▶ [EXERCISE INSTRUCTIONS]: Before repeating the entries below, strip out every picture and keep all else as it is.

Dataset excerpts:

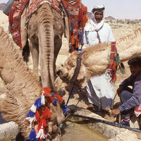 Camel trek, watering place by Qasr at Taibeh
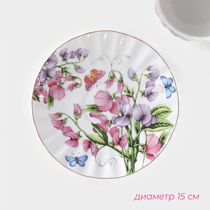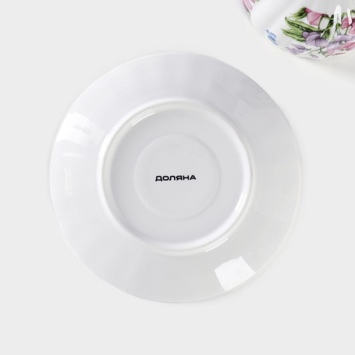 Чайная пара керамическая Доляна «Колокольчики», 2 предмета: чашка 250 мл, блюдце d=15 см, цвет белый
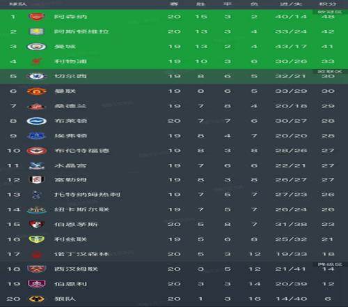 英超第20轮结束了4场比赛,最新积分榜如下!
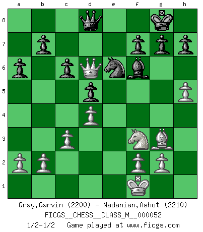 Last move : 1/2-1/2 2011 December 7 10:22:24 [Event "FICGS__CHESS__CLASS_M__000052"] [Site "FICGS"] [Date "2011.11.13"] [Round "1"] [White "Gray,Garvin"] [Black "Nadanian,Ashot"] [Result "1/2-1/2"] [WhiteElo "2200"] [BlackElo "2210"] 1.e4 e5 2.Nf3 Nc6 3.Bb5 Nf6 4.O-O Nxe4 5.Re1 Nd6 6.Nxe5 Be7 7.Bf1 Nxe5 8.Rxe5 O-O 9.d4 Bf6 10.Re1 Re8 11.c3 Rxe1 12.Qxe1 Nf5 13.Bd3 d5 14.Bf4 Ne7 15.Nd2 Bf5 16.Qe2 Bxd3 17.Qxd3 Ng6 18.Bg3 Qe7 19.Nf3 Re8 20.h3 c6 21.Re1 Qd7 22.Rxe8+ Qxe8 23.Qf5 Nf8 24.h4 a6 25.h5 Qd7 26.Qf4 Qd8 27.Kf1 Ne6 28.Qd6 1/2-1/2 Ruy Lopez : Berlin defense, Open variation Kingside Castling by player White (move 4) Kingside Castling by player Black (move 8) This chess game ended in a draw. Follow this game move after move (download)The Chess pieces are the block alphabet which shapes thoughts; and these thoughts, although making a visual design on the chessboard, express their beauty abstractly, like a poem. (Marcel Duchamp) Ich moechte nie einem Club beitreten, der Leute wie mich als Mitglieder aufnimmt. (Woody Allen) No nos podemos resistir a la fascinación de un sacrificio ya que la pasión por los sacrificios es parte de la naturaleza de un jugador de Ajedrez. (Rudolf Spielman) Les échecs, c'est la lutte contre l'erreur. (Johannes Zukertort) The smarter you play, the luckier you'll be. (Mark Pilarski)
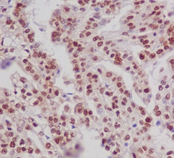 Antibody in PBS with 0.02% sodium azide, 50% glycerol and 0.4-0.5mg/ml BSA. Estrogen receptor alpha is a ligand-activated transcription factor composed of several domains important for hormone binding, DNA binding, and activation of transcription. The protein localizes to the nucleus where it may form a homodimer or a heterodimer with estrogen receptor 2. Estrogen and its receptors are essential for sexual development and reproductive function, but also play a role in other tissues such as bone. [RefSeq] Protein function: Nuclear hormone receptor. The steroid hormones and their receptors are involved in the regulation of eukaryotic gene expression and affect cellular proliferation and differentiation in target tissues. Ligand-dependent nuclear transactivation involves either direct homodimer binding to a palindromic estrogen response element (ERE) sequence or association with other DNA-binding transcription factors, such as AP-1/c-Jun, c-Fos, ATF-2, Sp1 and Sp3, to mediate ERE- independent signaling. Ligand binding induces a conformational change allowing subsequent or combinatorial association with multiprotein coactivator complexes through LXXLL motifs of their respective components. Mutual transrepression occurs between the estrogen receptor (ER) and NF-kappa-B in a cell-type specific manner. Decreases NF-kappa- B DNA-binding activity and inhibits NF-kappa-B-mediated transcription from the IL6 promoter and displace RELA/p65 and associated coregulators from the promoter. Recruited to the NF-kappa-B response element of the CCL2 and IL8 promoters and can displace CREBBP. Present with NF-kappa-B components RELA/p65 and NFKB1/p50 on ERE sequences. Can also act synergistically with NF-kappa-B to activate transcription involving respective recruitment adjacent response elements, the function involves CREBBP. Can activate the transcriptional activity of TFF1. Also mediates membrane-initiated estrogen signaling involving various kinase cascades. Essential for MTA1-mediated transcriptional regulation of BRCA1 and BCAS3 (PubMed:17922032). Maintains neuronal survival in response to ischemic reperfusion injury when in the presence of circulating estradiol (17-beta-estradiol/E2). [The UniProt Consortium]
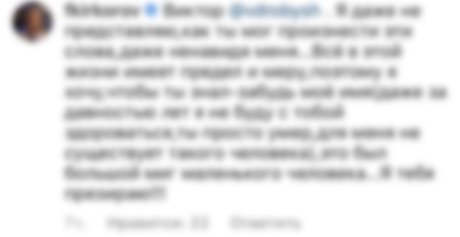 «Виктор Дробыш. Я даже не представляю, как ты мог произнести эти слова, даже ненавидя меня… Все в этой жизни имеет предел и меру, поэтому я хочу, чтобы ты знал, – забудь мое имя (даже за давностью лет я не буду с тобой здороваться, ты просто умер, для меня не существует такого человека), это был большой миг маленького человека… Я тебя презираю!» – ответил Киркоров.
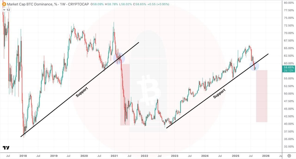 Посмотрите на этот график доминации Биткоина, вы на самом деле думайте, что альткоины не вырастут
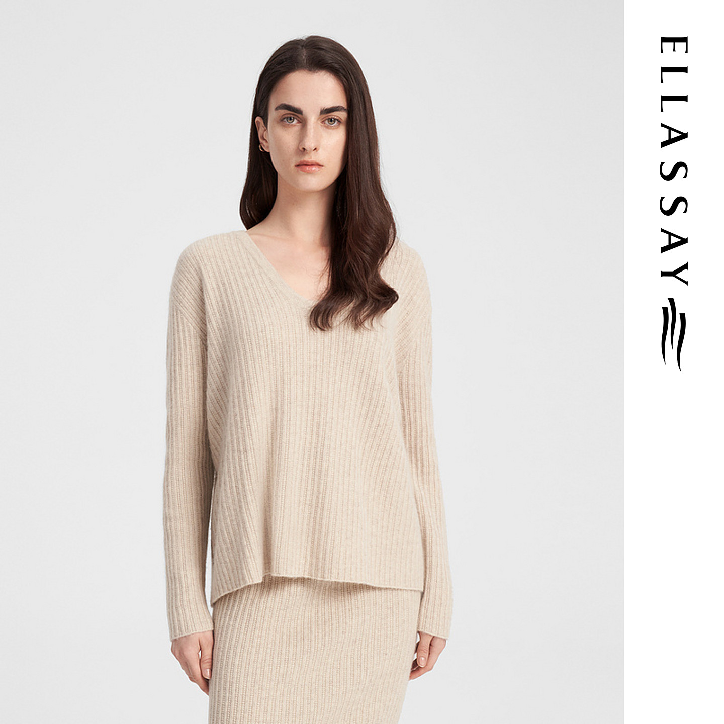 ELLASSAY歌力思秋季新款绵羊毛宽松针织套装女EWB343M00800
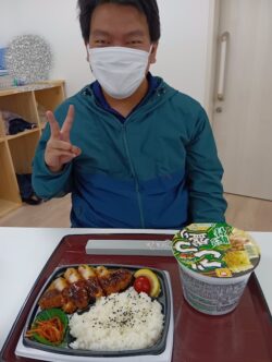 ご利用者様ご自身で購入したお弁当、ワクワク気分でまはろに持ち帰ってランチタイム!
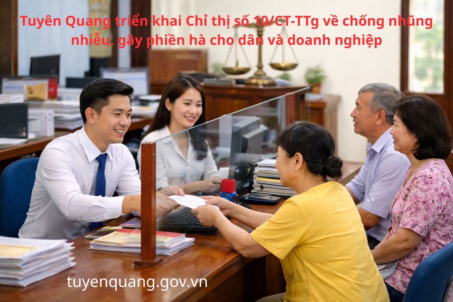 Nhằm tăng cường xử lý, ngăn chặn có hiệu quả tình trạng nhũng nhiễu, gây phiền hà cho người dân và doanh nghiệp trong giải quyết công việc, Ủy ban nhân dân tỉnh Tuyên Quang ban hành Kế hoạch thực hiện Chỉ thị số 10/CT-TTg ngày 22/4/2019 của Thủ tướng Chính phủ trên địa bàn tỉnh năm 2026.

▶ [RESPONSE]:
 Camel trek, watering place by Qasr at Taibeh
 Чайная пара керамическая Доляна «Колокольчики», 2 предмета: чашка 250 мл, блюдце d=15 см, цвет белый
 英超第20轮结束了4场比赛,最新积分榜如下!
 Last move : 1/2-1/2 2011 December 7 10:22:24 [Event "FICGS__CHESS__CLASS_M__000052"] [Site "FICGS"] [Date "2011.11.13"] [Round "1"] [White "Gray,Garvin"] [Black "Nadanian,Ashot"] [Result "1/2-1/2"] [WhiteElo "2200"] [BlackElo "2210"] 1.e4 e5 2.Nf3 Nc6 3.Bb5 Nf6 4.O-O Nxe4 5.Re1 Nd6 6.Nxe5 Be7 7.Bf1 Nxe5 8.Rxe5 O-O 9.d4 Bf6 10.Re1 Re8 11.c3 Rxe1 12.Qxe1 Nf5 13.Bd3 d5 14.Bf4 Ne7 15.Nd2 Bf5 16.Qe2 Bxd3 17.Qxd3 Ng6 18.Bg3 Qe7 19.Nf3 Re8 20.h3 c6 21.Re1 Qd7 22.Rxe8+ Qxe8 23.Qf5 Nf8 24.h4 a6 25.h5 Qd7 26.Qf4 Qd8 27.Kf1 Ne6 28.Qd6 1/2-1/2 Ruy Lopez : Berlin defense, Open variation Kingside Castling by player White (move 4) Kingside Castling by player Black (move 8) This chess game ended in a draw. Follow this game move after move (download)The Chess pieces are the block alphabet which shapes thoughts; and these thoughts, although making a visual design on the chessboard, express their beauty abstractly, like a poem. (Marcel Duchamp) Ich moechte nie einem Club beitreten, der Leute wie mich als Mitglieder aufnimmt. (Woody Allen) No nos podemos resistir a la fascinación de un sacrificio ya que la pasión por los sacrificios es parte de la naturaleza de un jugador de Ajedrez. (Rudolf Spielman) Les échecs, c'est la lutte contre l'erreur. (Johannes Zukertort) The smarter you play, the luckier you'll be. (Mark Pilarski)
 Antibody in PBS with 0.02% sodium azide, 50% glycerol and 0.4-0.5mg/ml BSA. Estrogen receptor alpha is a ligand-activated transcription factor composed of several domains important for hormone binding, DNA binding, and activation of transcription. The protein localizes to the nucleus where it may form a homodimer or a heterodimer with estrogen receptor 2. Estrogen and its receptors are essential for sexual development and reproductive function, but also play a role in other tissues such as bone. [RefSeq] Protein function: Nuclear hormone receptor. The steroid hormones and their receptors are involved in the regulation of eukaryotic gene expression and affect cellular proliferation and differentiation in target tissues. Ligand-dependent nuclear transactivation involves either direct homodimer binding to a palindromic estrogen response element (ERE) sequence or association with other DNA-binding transcription factors, such as AP-1/c-Jun, c-Fos, ATF-2, Sp1 and Sp3, to mediate ERE- independent signaling. Ligand binding induces a conformational change allowing subsequent or combinatorial association with multiprotein coactivator complexes through LXXLL motifs of their respective components. Mutual transrepression occurs between the estrogen receptor (ER) and NF-kappa-B in a cell-type specific manner. Decreases NF-kappa- B DNA-binding activity and inhibits NF-kappa-B-mediated transcription from the IL6 promoter and displace RELA/p65 and associated coregulators from the promoter. Recruited to the NF-kappa-B response element of the CCL2 and IL8 promoters and can displace CREBBP. Present with NF-kappa-B components RELA/p65 and NFKB1/p50 on ERE sequences. Can also act synergistically with NF-kappa-B to activate transcription involving respective recruitment adjacent response elements, the function involves CREBBP. Can activate the transcriptional activity of TFF1. Also mediates membrane-initiated estrogen signaling involving various kinase cascades. Essential for MTA1-mediated transcriptional regulation of BRCA1 and BCAS3 (PubMed:17922032). Maintains neuronal survival in response to ischemic reperfusion injury when in the presence of circulating estradiol (17-beta-estradiol/E2). [The UniProt Consortium]
 «Виктор Дробыш. Я даже не представляю, как ты мог произнести эти слова, даже ненавидя меня… Все в этой жизни имеет предел и меру, поэтому я хочу, чтобы ты знал, – забудь мое имя (даже за давностью лет я не буду с тобой здороваться, ты просто умер, для меня не существует такого человека), это был большой миг маленького человека… Я тебя презираю!» – ответил Киркоров.
 Посмотрите на этот график доминации Биткоина, вы на самом деле думайте, что альткоины не вырастут
 ELLASSAY歌力思秋季新款绵羊毛宽松针织套装女EWB343M00800
 ご利用者様ご自身で購入したお弁当、ワクワク気分でまはろに持ち帰ってランチタイム!
 Nhằm tăng cường xử lý, ngăn chặn có hiệu quả tình trạng nhũng nhiễu, gây phiền hà cho người dân và doanh nghiệp trong giải quyết công việc, Ủy ban nhân dân tỉnh Tuyên Quang ban hành Kế hoạch thực hiện Chỉ thị số 10/CT-TTg ngày 22/4/2019 của Thủ tướng Chính phủ trên địa bàn tỉnh năm 2026.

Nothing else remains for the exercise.